- Location: Maltatal, Carinthia, Austria
- Coordinates: 46°59′07″N 13°27′36″E﻿ / ﻿46.9852°N 13.4601°E
- Route type: Bouldering
- Technical grade: 9A (V17)
- First ascent: Nicolai Užnik, February 2025

= Mount Doom (climb) =

Bouldering route in Austria

Mount Doom is a bouldering problem in the Maltatal valley in Austria. The first ascent was by Austrian climber Nicolai Užnik in February 2025, after he worked on the problem for several years. Fellow countryman Jakob Schubert repeated the climb in November 2025, confirming the grade to make it the first 9A-graded boulder problem in Austria, and one of the hardest confirmed boulders in the world.

==Description==
Mount Doom is a sit start to Hide and Sick, an existing boulder established by Jernej Kruder in 2016. The route climbs a steep, overhanging wall in the Maltatal valley. Mount Doom adds an 8 move intro before the existing top out, making the full route 17 to 18 moves. Užnik stated he found the intro more difficult than Hide and Sick, likely graded or on its own, with the crux coming at the end with a high foot move required to finish. Užnik described the holds as "crimpy and intense" with constant body tension required throughout the route. After his repeat, Jakob Schubert called the climb "an absolutely amazing line", with the sustained effort fitting his style well.

Užnik began working on Mount Doom in 2021 but did not consider it a serious project until autumn 2024, when he first completed all the moves in isolation.

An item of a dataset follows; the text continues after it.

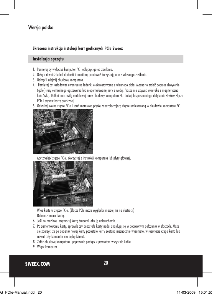 Wersja polska Skrócona instrukcja instalacji kart graficznych PCIe Sweex Instalacja sprzętu 1. Pamiętaj by wyłączyć komputer PC i odłączyć go od zasilania. 2. Odłącz również kabel drukarki i monitora, ponieważ korzystają one z własnego zasilania. 3. Odkręć i zdejmij obudowę komputera. 4. Pamiętaj by rozładować ewentualne ładunki elektrostatyczne z własnego ciała. Można to zrobić poprzez chwycenie (gołej) rury centralnego ogrzewania lub niepomalowanej rury z wodą. Proszę nie używać wkrętaka z magnetyczną końcówką. Dotknij na chwilę metalowej ramy obudowy komputera PC. Unikaj bezpośredniego dotykania styków złącza PCIe i styków karty graficznej. 5. Odszukaj wolne złącze PCIe i usuń metalową płytkę zabezpieczającą złącze umieszczoną w obudowie komputera PC. Aby znaleźć złącze PCIe, skorzystaj z instrukcji komputera lub płyty głównej. Włóż kartę w złącze PCIe. (Złącze PCIe może wyglądać inaczej niż na ilustracji) Dobrze zamocuj kartę. 6. Jeśli to możliwe, przymocuj kartę śrubami, aby ją unieruchomić. 7. Po zamontowaniu karty, sprawdź czy pozostałe karty nadal znajdują się w poprawnym położeniu w złączach. Może się zdarzyć, że po dodaniu nowej karty pozostałe karty zostaną nieznacznie wysunięte, w rezultacie czego karta lub nawet cały komputer nie będą działać. 8. Załóż obudowę komputera i poprawnie podłącz z powrotem wszystkie kable. 9. Włącz komputer. IG_PCIe-Manual.indd 20 20 11-03-2009 15:01:53 Wersja polska Instalacja oprogramowania Po uruchomieniu komputera karta graficzna zostanie automatycznie wykryta. System Windows zażąda sterowników karty. Anuluj instalację. Włóż płytę Sweex CD-ROM do napędu CD-ROM komputera. Płyta CD-ROM zostanie uruchomiona automatycznie i wyświetli się menu. Wybierz opcję zainstalowania sterowników. Konfiguracja Po udanej instalacji do skonfigurowania karty graficznej można użyć dołączonego oprogramowania. Kliknij ikonę w prawym dolnym rogu ekranu, aby przeprowadzić regulację ustawień dotyczących ekranu, rozdzielczości ekranu itp. zgodnie z osobistymi preferencjami. Gwarancja •Niniejszy produkt Sweex objęty jest dwuletnim okresem gwarancyjnym, rozpoczynającym się w dniu zakupu produktu. • W przypadku wady, należy zwrócić produkt do sprzedawcy z opisem wady, dowodem zakupu oraz wszystkimi akcesoriami. •Gwarancja zostaje anulowany w przypadku rozłożenia produktu, uszkodzenia fizycznego, nieprawidłowego wykorzystania, modyfikacji, naprawy przez nieautoryzowane osoby oraz wykorzystanie produktu do celów innych, niż jest przeznaczony. •Nie świadczymy usług dotyczących wsparcia technicznego oraz napraw w zakresie oprogramowania, baterii do ładowania oraz baterii zwykłych. Gwarancja realizowana jest jedynie w punkcie, gdzie produkt został zakupiony. Wszystkie nazwy marek oraz prawa powiązane wspomniane w niniejszej instrukcja obsługi są oraz pozostają własnością prawowitych właścicieli. IG_PCIe-Manual.indd 21 21 11-03-2009 15:01:53

In February 2025, he fell from the top section of the boulder and twisted his ankle, forcing him to take a break before ultimately completing the climb later that month. Užnik called it "the best day of my career" and proposed a grade of 9A, at that point the highest grade in bouldering. Although Užnik had never previously climbed 9A, he had sent multiple 8C and 8C+ boulders and is an accomplished competition climber, having won gold in bouldering at the 2022 IFSC Climbing European Championships.

The first climber to repeat the route was Jakob Schubert, who had previous 9A experience from climbing Alphane in 2023. Schubert was forced to create new beta for the route after Janja Garnbret broke a "crucial hold" during a previous attempt. In total, Schubert worked for eight days before sending the climb and confirming the 9A grade, making it the hardest climb in Austria and one of the hardest bouldering routes in the world.